I do think 9 y/o can be particularly annoying and whiny. What does he like, is there something he take to occupy him when he’s getting extra annoying?

Hayley1256 · 11/05/2025 10:36

Tbh if my DD9 behaved like this (outside of the normal 9 years old whining) I'd just put her in the kids club! Her choices would be sort the attitude and enjoy family time or your going to the kids club

PuppyMonkey · 11/05/2025 10:36

Maybe not appropriate for Disneyland but if you were booking a regular villa or etc, had you thought of inviting one of DSS’ mates along to keep him entertained? There’s a 10 year age gap between my DDs and this is what we did when youngest was a time-consuming toddler.

Or have you considered somewhere where they have clubs for the kids so DSS could go off and make some friends his own age. Particularly over the coming years when he’ll be older and could do more of his own thing?

Clearinguptheclutter · 11/05/2025 10:38

Go term time with dh and your toddlers- the money you will save will pay for dh and Dss to have a shorter separate trip that he can choose

Tarantella6 · 11/05/2025 10:39

One of dd's friends has a boy and girl, only a 3y age gap, and they go away separately because the dc have such different interests. I don't think it's an issue as long as everyone gets a holiday they enjoy.

If you go term time with the littlies it'll be much cheaper so you should be able to manage a trip for dh and dss as well.

AnneLovesGilbert · 11/05/2025 10:39

Book a term time holiday when you’re not scheduled to have him.

Panamacatinahat · 11/05/2025 10:39

My step son was two when my husband and I got together. We went on to have children together. We used to take my stepson on holiday every other year, rather than every time we went. His mother took him on holiday a couple of times over the course of his childhood and he always enjoyed his holidays with us. He’s in his thirties now and still talks about his holidays to Europe and America.

Lesleyann25 · 11/05/2025 10:39

Picklechicken · 11/05/2025 10:32

This.

What happened when he kicked off about the hotel in Disneyland? What kind of consequences does he get for his behaviour?

It sounds like he actually gets what he wants when he kicks off - Dad all to himself and then gets sort of rewarded for it.

Maybe this is the problem though, he should get time alone with his dad and his dad should make sure it happens. This happened with DD and she doesn’t even sleep over at her dad’s now. They were arranging everything age appropriate for the younger child and my daughter just had go along then she got older and pushed back. Then she was seen as the problem. Not fair really is it?

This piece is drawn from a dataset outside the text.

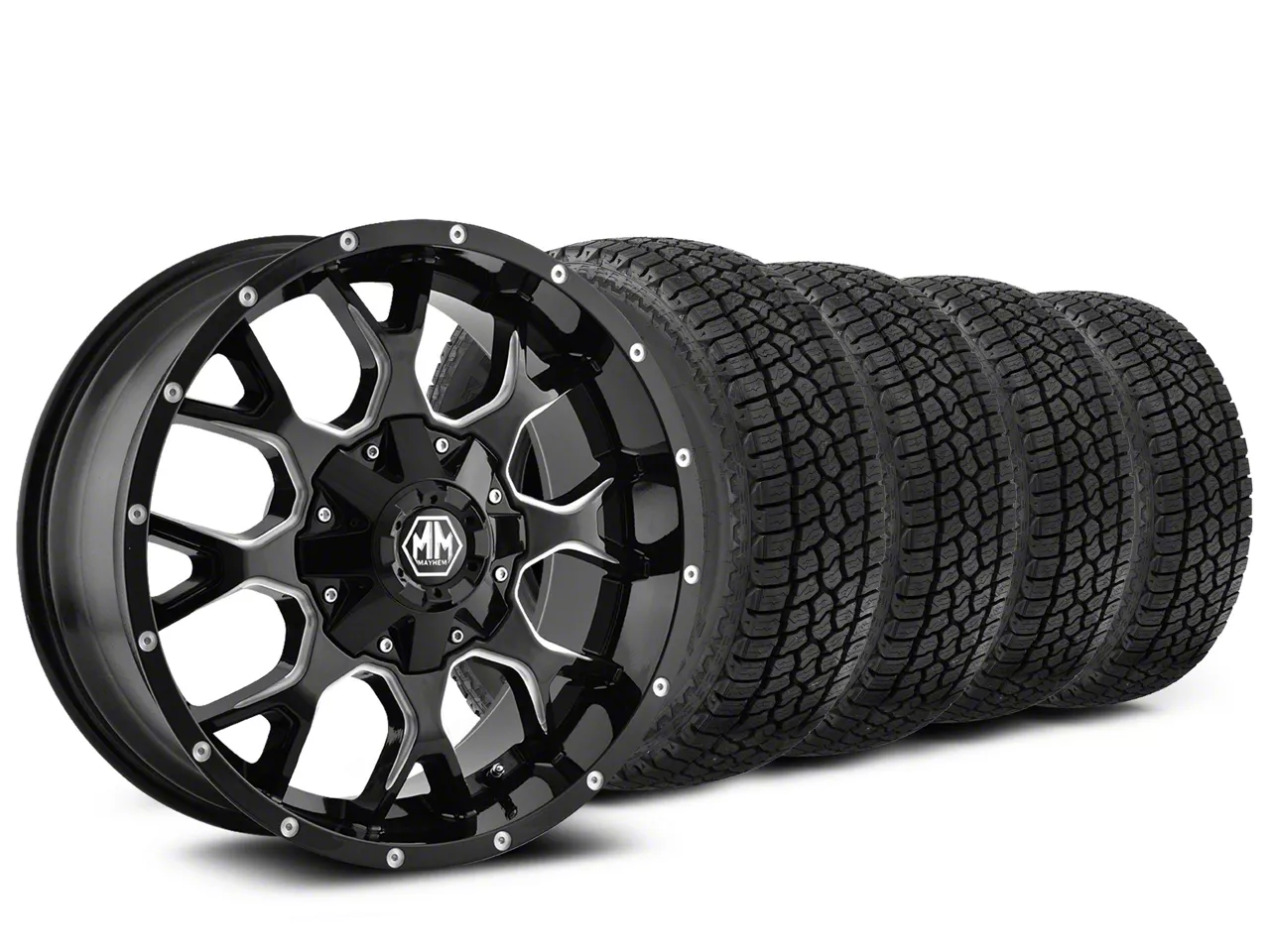 Mounted and Balanced Wheel and Tire Kit. This wheel and tire combo kit features (4) 20x9 Mayhem Wheels Warrior Gloss Black Milled 6-Lug Wheels and (4) Milestar All-Terrain Patagonia AT/R 33" - 275/60R20 tires that have been put together into an easy to buy kit that arrives to your door already mounted and balanced ready to be installed on your vehicle.

CharityShopMensGlasses · 11/05/2025 10:40

Could you go with friends or family who have a friend for him to play with him?
Or would he go to kids clubs for some of the time if you went somewhere with these?

Ridingthespringwave · 11/05/2025 10:41

mummytoonetryingfortwo · 11/05/2025 10:32

Start going away while he’s with his mum.

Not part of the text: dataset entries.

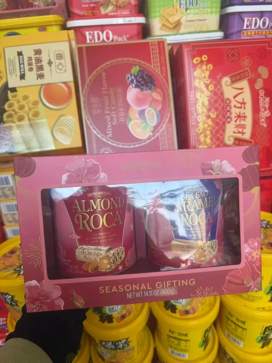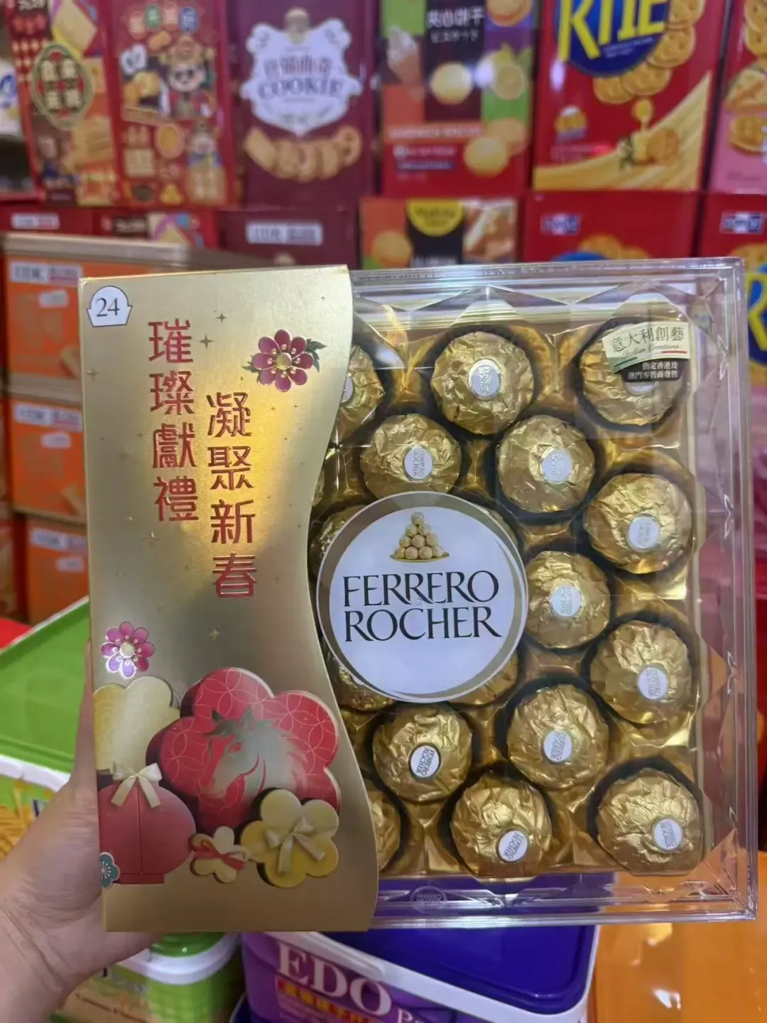 鲜果汇年货大街,每个品种都是精挑细选,年货大惠购,我们最优惠!越早订购越着数,近过年到货价格都会上调,小编已为大家整理好图文资料,实物比图片漂亮,更大盒,欢迎直接到店选购!PS:踏入年尾,供货商休息后无法补货,拜年要送礼的大家记得提前预订哦!原价:单味17元一罐,88一箱6罐,分享预订价:83.8元一箱6罐,过年送礼超值大产品之一正品港版丹麦蓝罐曲奇908g(市面好多假货,认准购买)意大利费列罗金莎巧克力 T24(市面好多假货,认准购买)
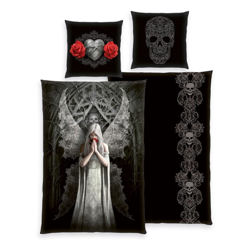 Descubra a beleza da roupa de cama Anne Stokes, um conjunto que inclui um cobertor de 135 x 200 cm e uma almofada de 80 x 80 cm, ambos confeccionados em 100% algodão para garantir maciez e conforto. Este conjunto apresenta designs góticos distintos de Anne Stokes, com ilustrações detalhadas como uma figura angelical e padrões de caveiras que criam uma atmosfera mística e elegante.
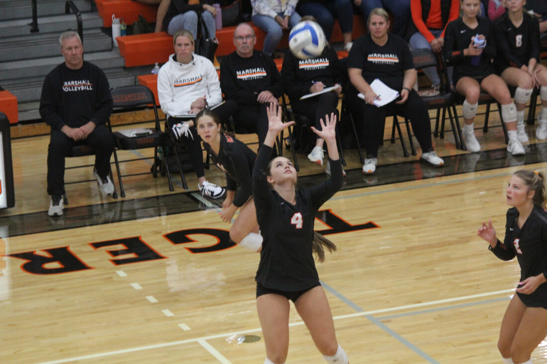 “After playing them [Alexandria] in last year’s state championship, it just felt nice to sweep them off the floor and kind of get our get-back,” Marshall setter Brooke Gillingham said, adding that she felt the team could have played much cleaner in the match but that it felt good to get the job done in three sets.

He is nine. He is old enough to know this behaviour is unacceptable. He isn’t a toddler anymore. He can know that because he has previously ruined the holidays, he is no longer welcome.

He’s a child spending time with a parent he only sees every fortnight and two small siblings who get to be with his father all the time. He’s the awkward age of 9. The OP hasn’t said what sort of conversations have been had with him about his behaviour and if he’s fully aware of how difficult he’s being. But it’s not his fault he’s navigating all this. It’s hard work. I don’t think many of us would leave our nine year olds at home and go on holiday without them when they’d been a whiny pain. It’s part of parenting.